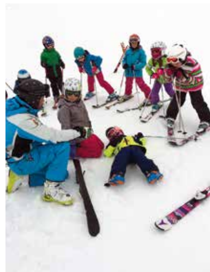
Richtiges Verhalten im Ernstfall lernten die Kinder beim Erste-Hilfe-Kurs.
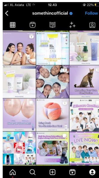
Gambar 4.1 unggahan kampanye #RespectMyBody

Konten pada Instagram Somethinc ditemakan dengan warna soft untuk menunjukkan sisi feminisme seorang perempuan. Postingan juga tidak hanya berupa gambar namun dilengkapi dengan caption dan video yang menarik. Konten pada Instagram @somethincofficial memiliki keunikan, dimana konten sangat bervariasi tidak hanya memasukkan unsur marketing produk, tetapi juga berisi video-video yang menarik mata audiens untuk ditonton.
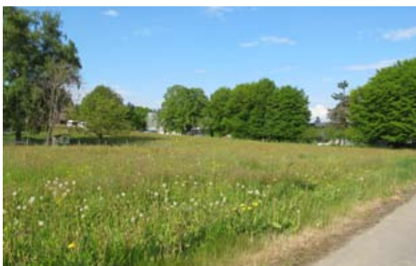
Das Gelände der «Schäferei»

Ein äusserst erfreulicher Anlass fand am 4. November 2010 in Form des Mitarbeitertages statt. Die Besuche zahlreicher Mitglieder des Stiftungsrats auf den verschiedenen Abteilungen unserer Institution ermöglichten spannende und informative Einblicke und erlaubten tief beeindruckende Begegnungen. Die konkreten Einblicke führten beispielsweise vor Augen, welche schwierige Voraussetzungen trotz des erfolgreichen Umbaus beim Raumangebot bestehen und welcher Veränderungsbedarf nach wie vor gegeben ist. Die Mitglieder des Stiftungsrats
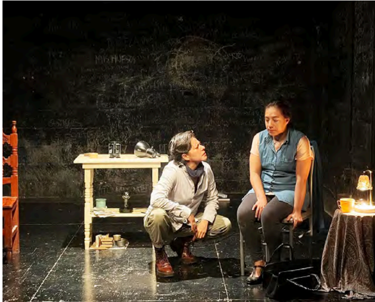
La autora fue egresada de la Unearte

La pieza Mujermente hablando estuvo ayer en el 77 Centro Cultural Autogestivo de la Ciudad de México como tributo a la autora fallecida en 2024
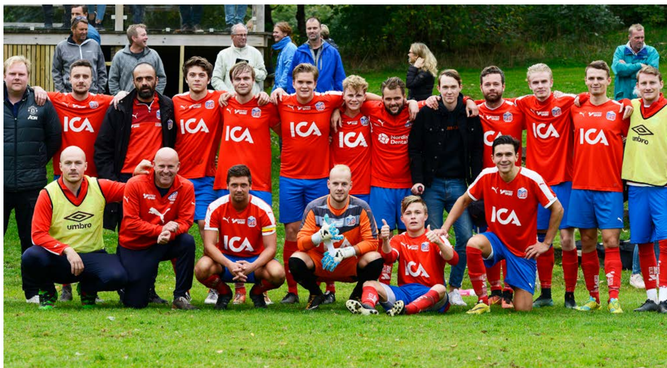
Brunnby FF/Väsby FK, A-laget med ledare 2018.
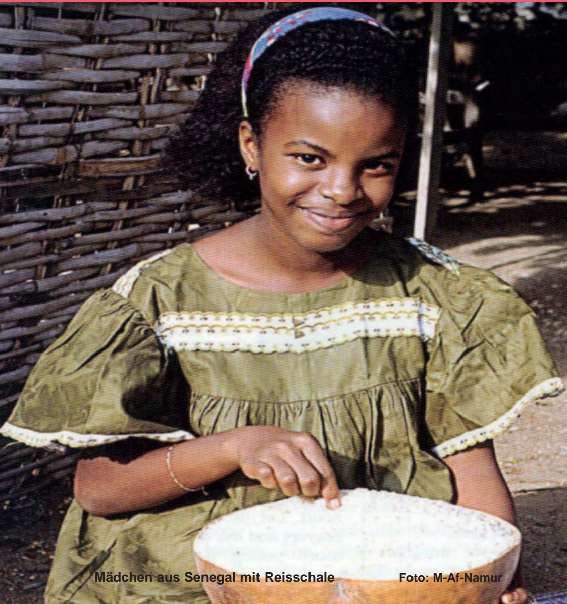
Mädchen aus Senegal mit Reisschale

Herausgeber: St. Petrus-Claver-Sodalität für die kath. Missionen
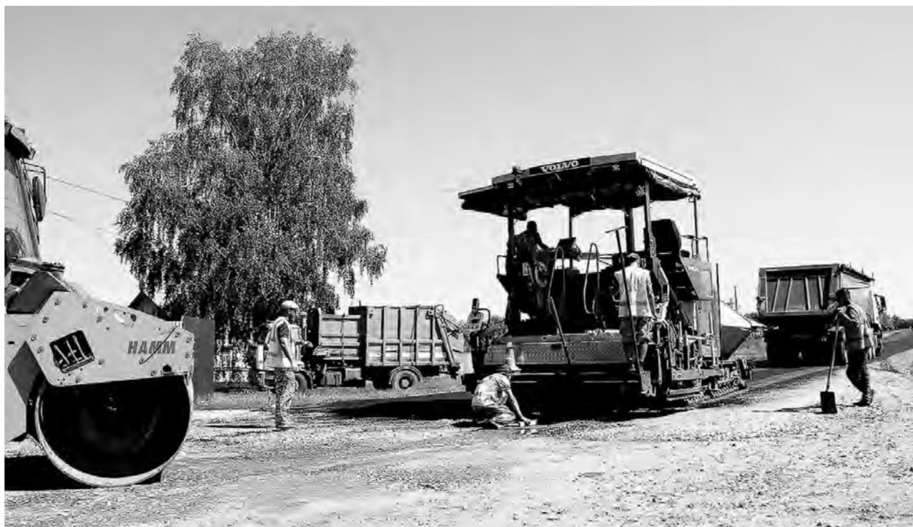
Укладка асфальта в разгаре.

На прошлой неделе в поселке Беловском Троицкого района произошло грандиозное по местным меркам событие – там построили асфальтированную дорогу стоимостью 3 817 тыс. рублей.

Exercise directions> Return the opening line of the data above and every line after it up to and including the line that holds "Das Gelände der"; pictures stay out.

Exercise response>
Richtiges Verhalten im Ernstfall lernten die Kinder beim Erste-Hilfe-Kurs.
Gambar 4.1 unggahan kampanye #RespectMyBody

Konten pada Instagram Somethinc ditemakan dengan warna soft untuk menunjukkan sisi feminisme seorang perempuan. Postingan juga tidak hanya berupa gambar namun dilengkapi dengan caption dan video yang menarik. Konten pada Instagram @somethincofficial memiliki keunikan, dimana konten sangat bervariasi tidak hanya memasukkan unsur marketing produk, tetapi juga berisi video-video yang menarik mata audiens untuk ditonton.
Das Gelände der «Schäferei»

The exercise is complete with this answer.